When you e-file a tax return, you'll receive a digital confirmation of its receipt by the IRS. E-file options include using commercial tax preparation software to prepare your return and transmit the data yourself or hiring a professional tax preparer that is authorized by the IRS as an e-file provider. The IRS offers a third option, which is available for 70 percent of all taxpayers: If your adjusted gross income is below $64,000, you can use IRS Free File, which you can access at IRS.gov.
What Is the Status of My Refund?
Download the IRS free mobile app, IRS2Go, to monitor the status of your refund from a smartphone or tablet. You can also check the status by going to the “Where’s My Refund?” page on IRS.gov.
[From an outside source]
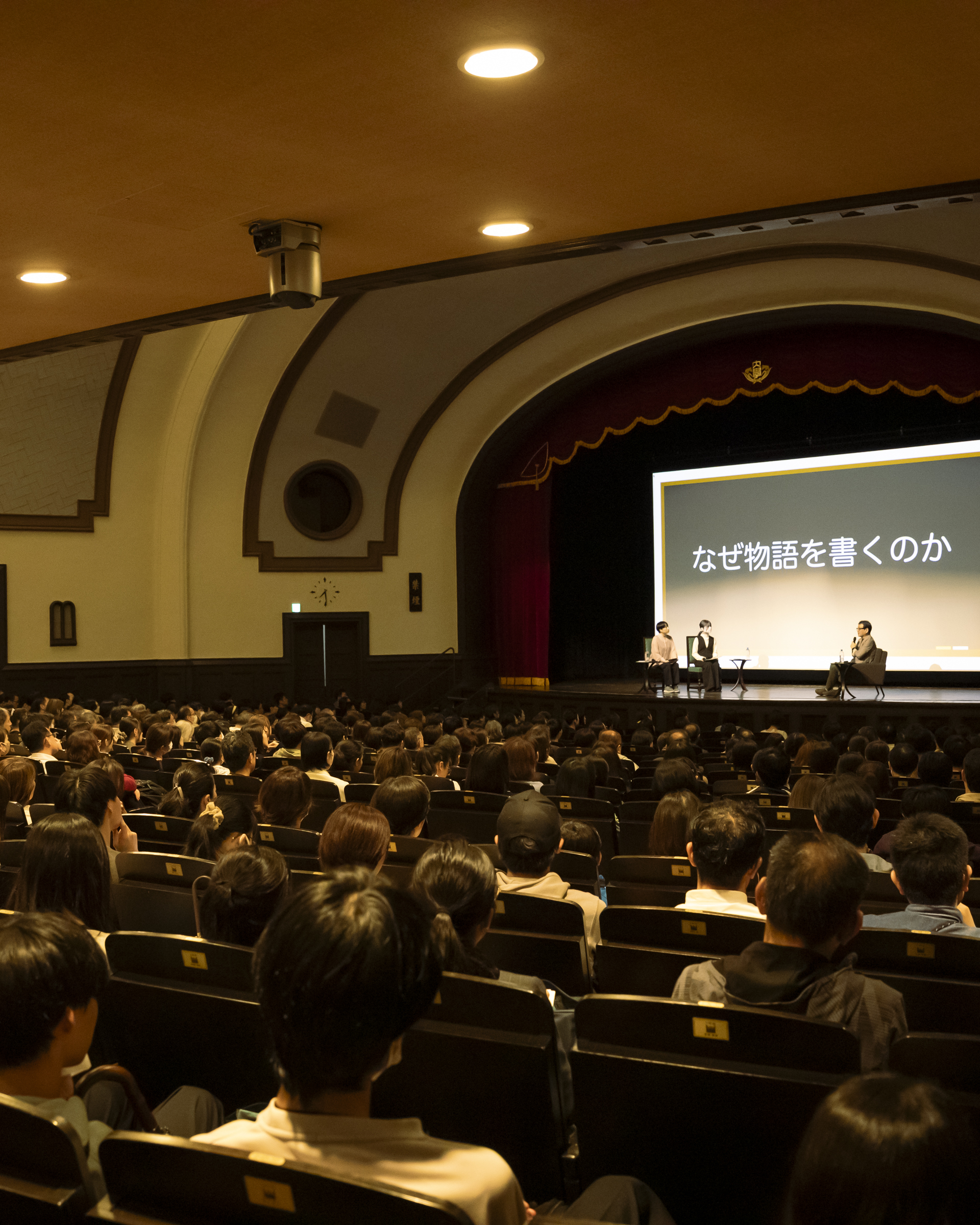 学生、教職員、卒業生、重松作品の愛読者など、多くの人々が集まった大隈記念講堂。ユーモアを交えながら、90分のイベントが進められた

Information is typically updated 24 hours after you e-file or up to four weeks after you mail a paper Form 1040.
Why Is It Taking So Long to Receive My Refund?
From the time the IRS receives a tax return to when it issues a refund, the turnaround time is less than 21 days for more than nine out of 10 returns. If it’s been longer than 21 days since you confirmed receipt of your tax return, it may be undergoing further review because of errors or it may have contained incomplete data. Other factors that can slow the refund process include the inclusion of Form 8379 Injured Spouse Allocation, which takes up to 14 weeks for processing, and a 2017 change in the Protecting Americans From Tax Hikes (PATH) Act that requires the IRS to hold refunds for taxpayers claiming Earned Income Tax Credits (EITC) or Additional Child Tax Credit (ACTC) until late February.